Allegri non molla Lewandowski: a marzo si decide il futuro del polacco
In questo scenario di pianificazione si inserisce con forza il profilo di Robert Lewandowski, il cui futuro al Barcellona appare oggi più che mai come un rebus legato a equilibri politici ed economici. Il centravanti polacco, pur avendo ribadito la volontà di onorare il suo legame con i catalani, si trova di fronte a una scadenza decisiva: le elezioni del 15 marzo 2026. Fino a quel giorno, ogni discorso sul rinnovo o sulla permanenza resterà congelato, in attesa che il nuovo assetto istituzionale blaugrana definisca il budget e la visione tecnica per il prossimo triennio. Sebbene il rapporto con Hansi Flick sia solido, il club deve fare i conti con la necessità di alleggerire il monte ingaggi e ringiovanire il reparto offensivo, condizioni che rendono complicata una conferma alle cifre attuali.

Allegri non molla Lewandowski: a marzo si decide il futuro del polacco – topallenatori.it (foto: profilo X Barcellona)
Il Milan osserva la situazione con estrema attenzione, consapevole che Lewandowski rappresenterebbe l’innesto perfetto per completare il mosaico di Allegri. Il polacco ha un gentlemen’s agreement con il Barcellona che, in caso di mancato rinnovo, gli permetterebbe di valutare nuove sfide qualora il progetto sportivo post-elettorale non fosse più centrato sulla sua figura. Tuttavia, la concorrenza è feroce e globale: dalle sirene della MLS (Chicago Fire) all’interesse del Fenerbahce e dell’Atletico Madrid, fino alle offerte faraoniche provenienti dall’Arabia Saudita.

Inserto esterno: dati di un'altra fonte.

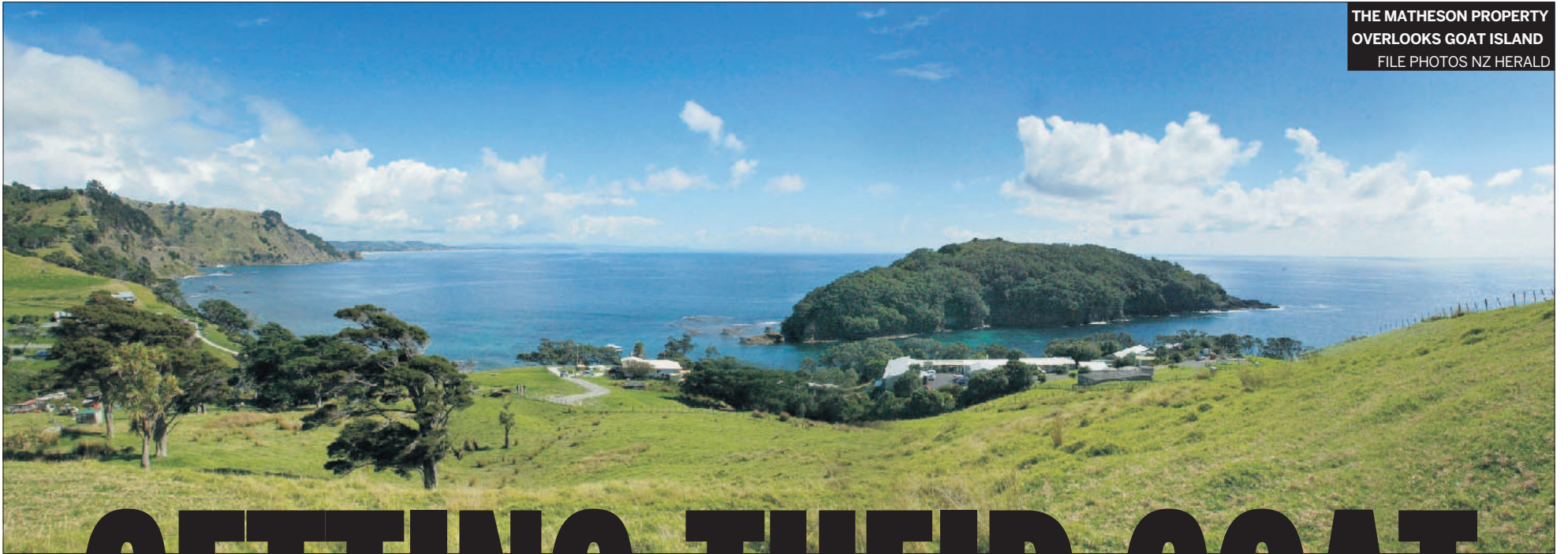
THE MATHESON PROPERTY OVERLOOKS GOAT ISLAND
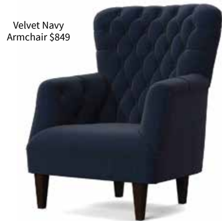
Velvet Navy Armchair $849

The friendly team at Hopkinsons welcome you to visit their store full of beautiful furniture and homewares. While you are there take the time to enjoy a coffee and something to eat from Cafe Pharlap. NZTA & NZ Post Agency.
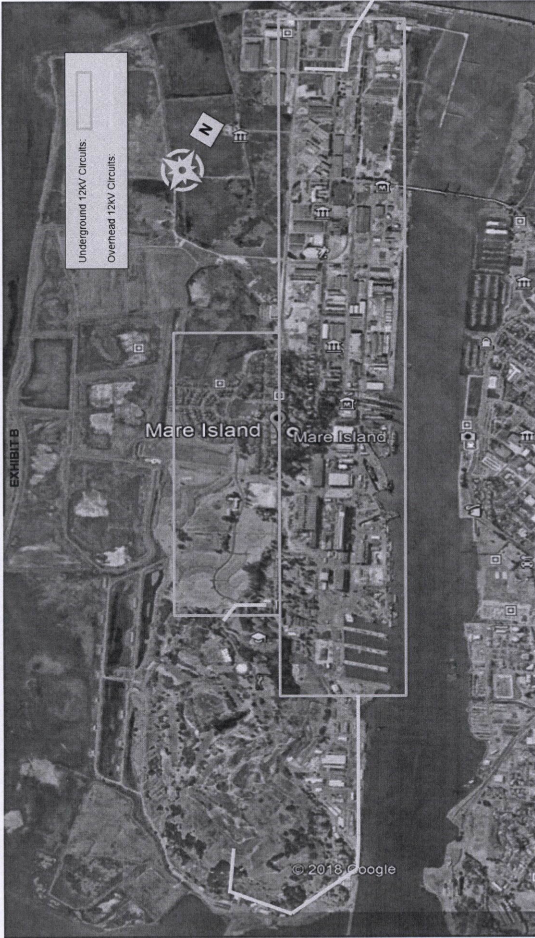
EXHIBIT A: Island Energy Service Territory
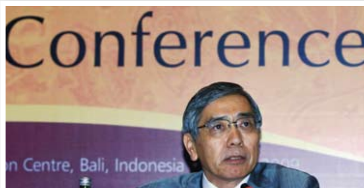
President of the Asian Development Bank (ADB), Haruhiko Kuroda, talks to journalists during a press conference after the closing of the 42 nd ADB annual meeting in Nusa Dua on the resort island of Bali on May 5, 2009. The Asian Development Bank is embarking on a huge expansion of its lending activities.

Asian attempts at crisis management came too late, according to Regling. Japan, Korea, and China met on the sidelines of the G-20 summit in Washington, DC in November to underline their commitment to financial cooperation. Asean
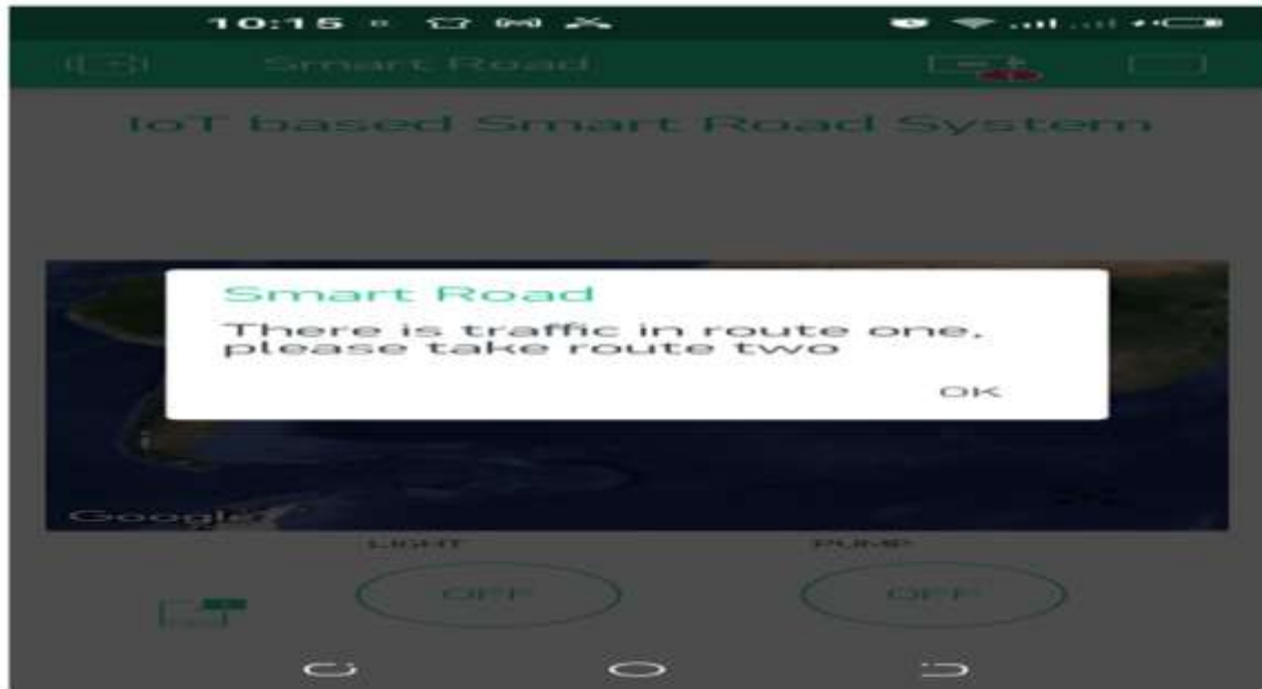
Figure 4. Output Design

The system has achieved a novelty by integrating multiply IoT functions in one unit, resulting in a robust system that raises road users' awareness of traffic hazards; controls the lights on the road automatically; warns road users of pollution, fire disaster, and road danger to ensure road users' safety; and could automatically set fires and irrigate crops on the side of the road.
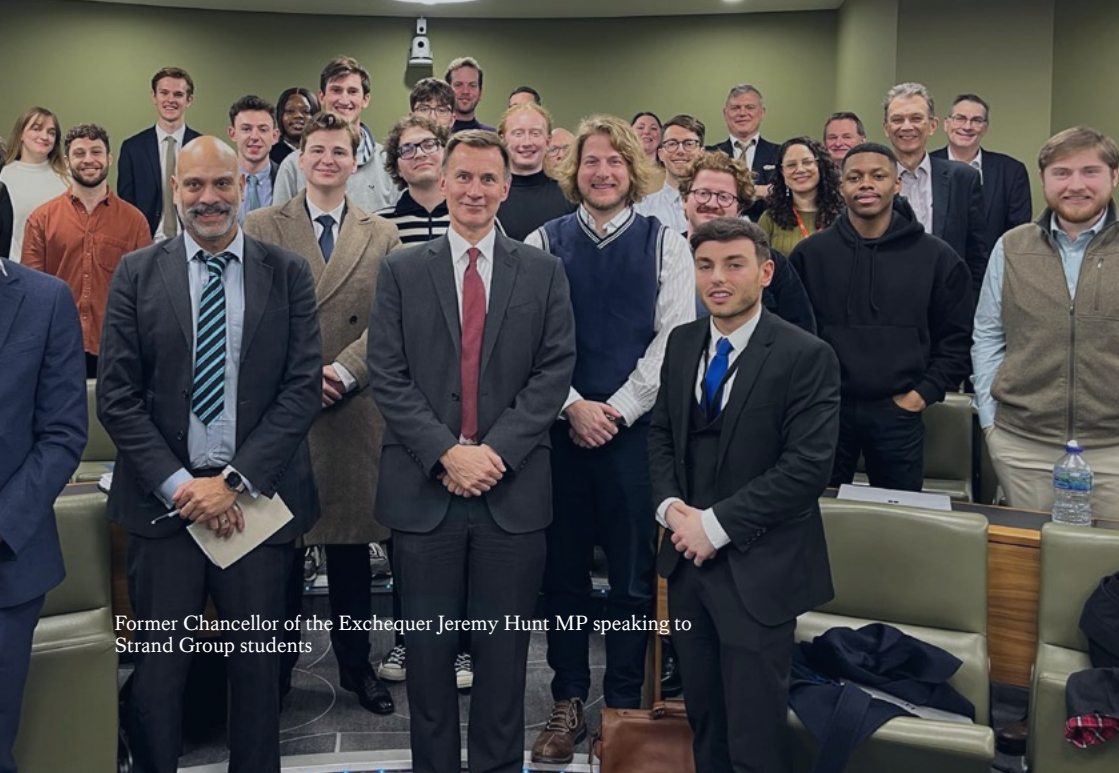
Former Chancellor of the Exchequer Jeremy Hunt MP speaking to Strand Group students
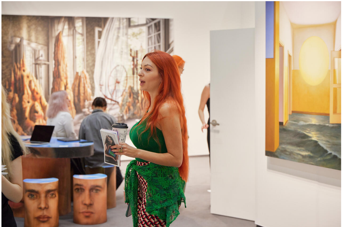
Frieze Seoul 2025.
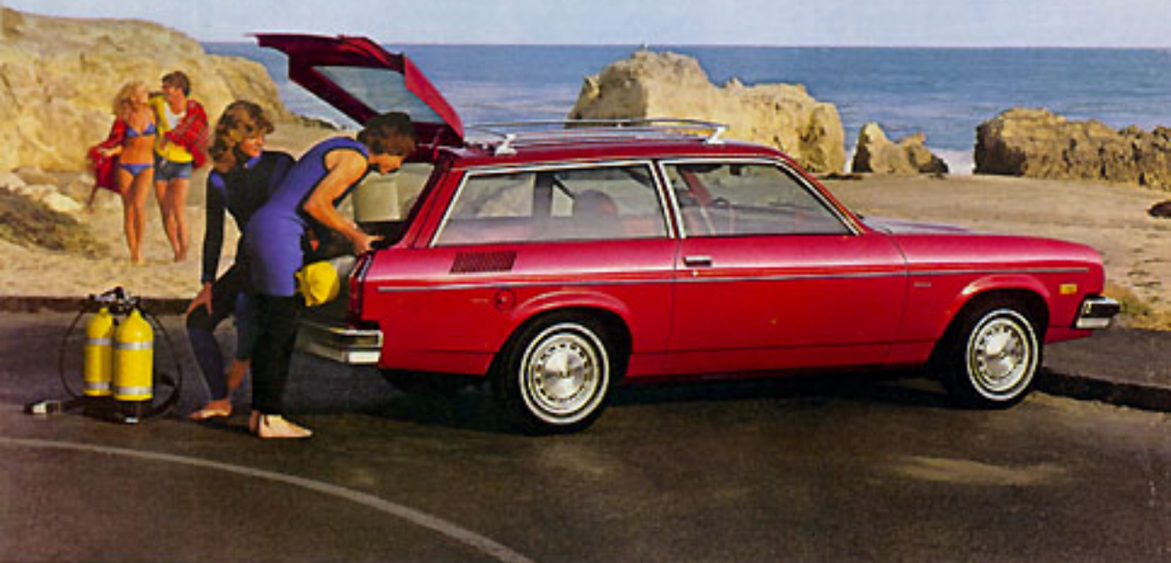
Monza Station Wagon shown in red with available roof carrier.
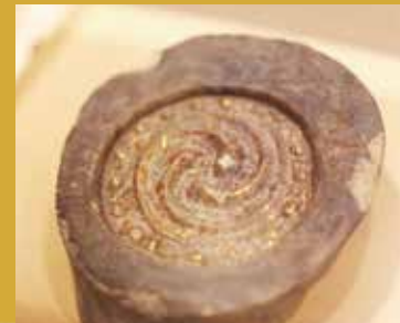
Gilded roof tile

Il Milan punta sulla competitività della Serie A e sul “fattore Modric” per convincere il bomber a scegliere l’Italia, ma molto dipenderà dalla capacità del Barcellona di proporre una rimodulazione salariale accettabile o dal coraggio dei rossoneri di affondare il colpo su un calciatore che, a dispetto dei 37 anni, continua a rappresentare l’eccellenza assoluta nel ruolo di numero nove.

Come Modric, Allegri ha detto sì: esordio in Serie A a 38 anni - topallenatori.it (foto: profilo X Milan)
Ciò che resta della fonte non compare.